Freaky Friday -Freaky Things Authors Do

cat-717193_1280We all have images of what our favorite authors did while writing the books we love. Some envision an author with disheveled hair hunched over his manual typewriter in a room with stacks and stacks of papers and books surrounding him, a stale sandwich on a plate, a cup filled with cold coffee and a cat napping in the small ray of sunshine that breaks through the tightly drawn curtains. Others see their author writing on a pad of long, yellow stationary on a bench on a train as they head to or come from work each day. The tips of their fingers stained black from the ink pen and a spot of mustard on their jacket collar from the beef sandwich they hastily ate at lunch while feverishly penning their work. Whatever you imagine, authors do strange things, even weird things, freaky things to writer. I thought at HFA we would enjoy a glimpse into the strange and wonderful world of our beloved authors. And in doing so, for those of you who write, perhaps this will make you feel at ease with some of the weird things you do.


T.S. Eliot, hiding away at Charing Cross Road had his face tinted green with powder to look cadaverous while writing. (T.S. Eliot: A Modern Life)

Vladimir Nabokov, Index cards — the man loved them. Most of his novels were written on handy 3 x 5 inch cards, which would be paper-clipped and stored in slim boxes. (Flavorwire)

Ben Franklin started his days with an air bath—half an hour each day in his birthday suit in front of an open window—to read, write, and get his mental juices flowing. I’m sorry Ben, but you won’t find me in my birthday suit wave at my neighbors. That doesn’t get my mental juices going but it does get the neighborhood gossip going and the paddy wagon comin’!

French novelist Honore de Balzac. This historical writer consumed as many as 50 cups of coffee every day, barely sleeping at all while composing his magnum opus, La Comedie Humaine. I’m not surprised at the lack of sleep…imagine if energy drinks were available…scary thought!

What do George Orwell, Mark Twain, Edith Wharton, Winston Churchill, and Marcel Proust have in common?
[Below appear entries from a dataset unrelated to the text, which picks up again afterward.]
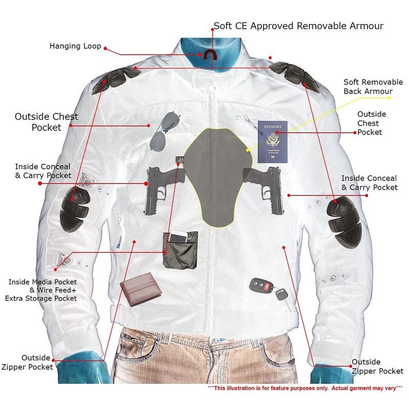 The Men's Black Tri-Tex X-Armor Armored Motorcycle Jacket Is the Most Advanced Motorcycle Jacket on The Market. Made Of Durable Tri-Tex Fabric 600 Denier High Performance Breathable Laminated Fabric Featuring Pads on Shoulder, Arms and Elbow (New Level Of Protection By X-Armor, Lighter Weight, Less Bulky, X-Armor Armor Provides Highest CE Approved Protection, Ergonomic Design, Higher Impact Absorption, Free Movement). Also Includes Removable Foam Armor On Back, Multiple Zippered Pockets Throughout. Dual Gun Pocket, Media Pocket with Wire Feed, Removable Quilted Liner and Mesh Lining Underneath.
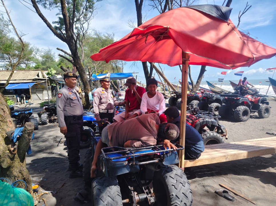Di sela-sela pemantauan, AKP Subardiyana beserta anggota menyempatkan diri berdialog dengan para pengunjung, pengelola wisata, hingga pedagang setempat. Petugas memberikan imbauan agar masyarakat tetap waspada terhadap tindak kriminalitas dan selalu memperhatikan keselamatan diri, terutama saat berada di area pantai.
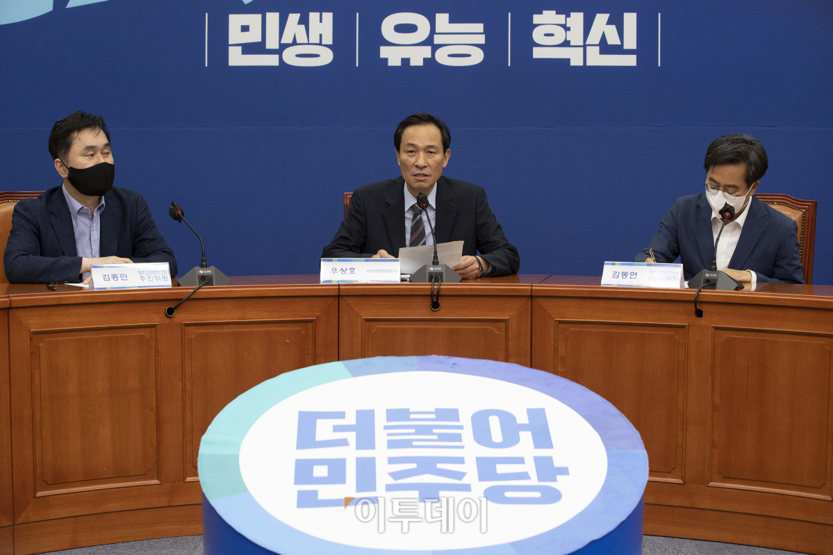 우상호 더불어민주당 비상대책위원장이 28일 오후 서울 여의도 국회에서 열린 더불어민주당 정치교체추진위원회 회의에 참석해 모두 발언을 하고 있다.
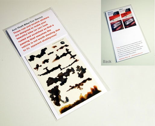 Dominic Wilcox is trying to change that. He created a series of very realistic looking temporary stickers that look like rust and scratches that you can stick to your car. The idea is that the thief will walk passed your car and choose a more desirable target that isn’t so junky looking. I’m sure there are people out there that will steal a car regardless of whether it has rust or scratches on it, but it’s still a cute idea that would probably work some of the time.

They all found writing horizontally helpful in the writing process. Yes! you read it here. Lying in bed can be productive!

But if lying down isn’t quite enough inspiration for you, try what James Joyce did. Joyce wrote in a white coat, lying on his stomach with a large blue pencil. In fact most of Finnegans Wake was composed with crayon pieces on cardboard!  Look! We can use our box of 24 crayola crayons again, and there are no lines we have to keep inside!

If lying in bed is not so appealing what about taking a bath? I personally love a bubble bath with soft candlelight. It is said that Agatha Christie munched on apples while in the bathtub  when plotting out the murder scenes for her novels. (A snack and a bubble bath… I think Agatha has something going there, don’t you?)

John Steinbeck had to have 12 perfectly sharpened pencils on his desk. (Steinbeck wrote his drafts in pencil.) I am lucky to find one sharp pencil or even a pen in my house. My children love to draw and these are great tools for their trade.

In order to complete his manuscript for February 1831, Victor Hugo armed with a entire bottle of ink placed himself under house arrest for months. It is even recorded that to prevent himself from escaping before completing his work he locked away his clothes and was left with only a large gray shawl to wear. For many months this was his outfit and he managed to finish his novel, The Hunchback of Notre Dame, weeks before the deadline.

My dear HFA reader and writer. I hope this Freaky Friday blog post brings a smile to your lips and a bounce in your step. You see, I take great solace in the fact that so many of our great authors did unusual, freakish things to write their profound works for us. This means whatever strange thing you or I may do in the process of our passions, we are among friends.

Why don’t you share with all of us what unusual thing you do to prepare for writing, while your writing or to bring about inspiration for writing? C’mon, let’s hear from you all!